After Pewter had told the whole story of his time in the secret valley, Smitty said, “Boss, I heard once way back, from that old buck Indian who camps way out on Luke Jurgen’s spread, that something fell out of the sky one night when he was a tyke. He said the moon was bright and then went behind a cloud and things got scary, and it was like a falling star coming across the whole world, silent but red as fire. Damned thing, whatever it was, suddenly came down, and went right through the hands of an old sachem who was asking for a sign from the gods. The old sachem, without a cry of pain, stood and said one word, ‘Wakatanka.’“

Smitty finished his tale. “That was the end of his story. I never heard the word again from him, or the old buck would never tell me again. Spooky stuff if you ask me. Wakatanka.”

Pewter, something suddenly clicking in his mind, jumped at the word from Smitty’s mouth. “That’s what the Indians said up there in that valley, ‘Wakatanka.’ I’m sure of it. Sure as hell.”

“That’s a strange testament to heaven,” Smitty said. “We better go see that old buck one day soon.”

With such knowledge at hand, Pewter could not delay his visit to the old Indian. In the morning he and Smitty were on their way to Luke Jurgen’s spread. It was up-range about a dozen miles. They arrived after an easy ride and Smitty pointed out an old shack up against a sharp-rising cliff.

“That’s where he lives, Boss. His name is Slow Dog and Luke lets him stay here. Says his whole tribe is almost gone from the area now. Only a few of them around. He’s a Cherokee. Once he was the shaman for them.” He helloed the shack and the old Indian came out.

Slow Dog was about 85 years old, blind in one eye, few teeth left, but carried himself with a confident grace. The smile across his face was authentic, and he held out both of his hands, one for Smitty and one for Pewter, and he pointed at a sitting log in front of the shack. An Indian woman, much younger, carried out a pipe and gave it to the old one, and set down a board with three mugs on it.

They sat on the log and sipped a rare kind of tea. The wind was mute. The sun was almost straight overhead. Peace was spread far and wide by silence.

Pewter remembered the other Indians and how they stared at the sky. Something else clicked in his mind and he reached inside his shirt and pulled out the stone amulet.
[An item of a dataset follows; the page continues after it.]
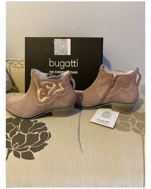Light pink ankle boots, cowboy style with stitching. Tasseled zip at the back, rubber sole

He held it up for Slow Dog to see.

With one hand held like a visor over his good eye, Slow Dog looked overhead, seeing where the sun was. Tremors shook him visibly and he said, “You must go quick before the sun gets long and throws your shadow on me. Do not throw your shadow on me. I am too old and only have a few days to feel the wind and to stick my hands in the earth. Do not throw your shadow on me.” He was pointing at Pewter. “Wakatanka watches. Wakatanka listens. Wakatanka waits for his shadow to catch up to him. Do not throw your shadow on me. I have seen the stone from the skies that calls for men in the shadows.”

Pewter, understanding all that had happened to him, around him, knew that God, by whatever name he was called, had made an appearance. And Slow Dog, the last shaman of the Cherokee, knew what would bring him down from the skies and make new demands in the shadows.